In March 2021, sponsored US employers filed 308,613 H-1B registrations for cap selection for the fiscal year ended September 30, 2022. The annual quota is 85,000, which includes a masters cap of 20,000 for individuals with advanced degrees from a US university. “This means that more than 72 percent of H-1B registrations for highly skilled foreign nationals were rejected before an adjudicator could evaluate the application,” Anderson said.
In Canada, there is no per-country limit and foreign nationals can often transition to permanent residency after working for a year on a work visa. The country has made it easier for international students to obtain a post graduation work visa. The country maintains a program for graduating international students more liberal than the optional practical training in the US.
After graduation, international students in Canada become eligible for a three-year postgraduate work permit. At least one year after proficient employment In Canada, international students receive a significant advantage through the points system for the convenience of permanent residency. In some provinces, there are programs (with numerical limits) that allow foreign nationals with a master’s or PhD from a Canadian university to obtain permanent residency, including, in many cases, without a job offer.
Meanwhile, in the US, the annual limit of 140,000 employment-based green cards, which includes dependent spouses and children of the principal immigrant, is too low. That annual limit also includes a per-country limit of 7 percent for each country, which puts a burden on potential employment-based immigrants primarily from India, but also those born in China and the Philippines.
In employment-based second preference (EB-2) under the current law, and because of the limited number of green card issuances, the current backlog of 568,414 Indian citizens would require an estimated 195 years to disappear. Congressional Research Service (CRS). If no remedial steps are taken, the total backlog for all three employment-based categories for Indians will increase to an estimated 2,195,795 persons by FY 2030 from the current figure of 915,497 estimated.
“We must let that number drop: Within a decade, more than two million people will be queuing for employment-based green cards for years or decades,” Anderson said.
He explained that the points system works mostly in Canada because it operates under a broad mandate that would likely be considered an unconstitutional delegation of authority from Congress to the executive branch in the US. That broad mandate in Canada allows the government the flexibility and ability to respond to employer needs.
However, it is impossible to implement that part of the system in the US due to the country’s different government structures. It can also take years for a US federal agency to publish and enforce a regulation.
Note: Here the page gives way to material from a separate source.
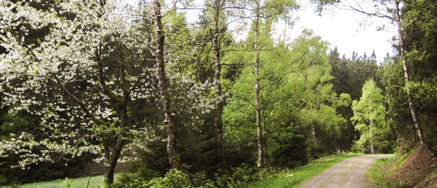 Es geht nun noch einmal leicht bergab bis zur "Willibald-Ihmann-Köte" (Schutzhütte). Dort biegen wir links ab und folgen dem Fahrweg aufwärts auf direktm Weg zurück zum Ausgangspunkt an der Grillhütte am Bechlerstein-Denkmal.

Instead of a points-based system, Anderson suggested that an increase in the annual limit for H-1B temporary visas and employment-based green cards or the exemption of specific categories of people from the annual limit would provide the needed flexibility.
He pointed to recommendations made by the National Security Commission on Artificial Intelligence (NSCAI), doubling the annual number of employment-based green cards, eliminating per-country limits and creating startup visas for immigrant entrepreneurs Because many innovations have been realized. through entrepreneurship.
The NSCAI had also advocated for increasing the usefulness of H-1B visas and creating a new “emerging and disruptive technology” visa. In addition, it advocated that allowing dual intent for F-1 students would facilitate the admission of international students. It also states that international doctoral students in STEM fields should be exempt from the annual limit for green cards.
Anderson also pointed to proposals for the Citizenship Act, which would help improve the immigration system and address the green-card backlog. For critics, he had a parting shot – “It’s the immigrants whose efforts led to the vaccines for Pfizer and Moderna!”